Metronapoli
- Company type: Joint stock
- Industry: Transportation
- Founded: 26 July 2000
- Defunct: 31 October 2013
- Successor: Azienda Napoletana Mobilità s.p.a. (ANM)
- Headquarters: Naples, Italy
- Services: Public transport (Metro system and funicular cable railway)
- Number of employees: 550
- Parent: Comune di Napoli

= Metronapoli =

Italian transport company, 2000–2013

Metronapoli SpA was an Italian company responsible for the provision of public transport in the city of Naples, and its primary function was the operation and maintenance of the Naples Metro system. It was founded on 26 July 2000 and became operational on 1 February 2001. Metronapoli was a fully state-controlled joint-stock corporation. Its functions were absorbed by Azienda Napoletana Mobilità s.p.a. (ANM) on 1 November 2013.

Metronapoli was a subsidiary company controlled by two organisations, initially three. From 2001 to 2005, the Comune di Napoli (City of Naples government) had a 51% holding stake in the company shares, giving them a controlling ownership, while Trenitalia held a 38% stake and ANM held the remaining 11%. Trenitalia sold its shares to the municipal government in November 2005, and at the end of 2005 the latter's stake had grown to 99%, with just 1% owned by ANM.

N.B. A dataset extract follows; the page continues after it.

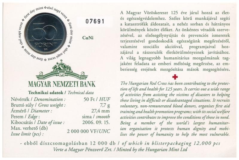 Leírás: 2006. 50Ft "125 éves a Magyar Vöröskereszt" első napi veret sorszámozott emléklapon "07691" T:1

Metronapoli operated the transport services and maintenance of Line 1 and Line 6 of the metro system, as well as the four funicular railways (Central Funicular, Chiaia Funicular, Mergellina Funicular and Montesanto Funicular).

Metronapoli also operated Line 2, a commuter rail line, from 2001 until 2005. Operation of line 2 was taken over by Trenitalia in November 2005.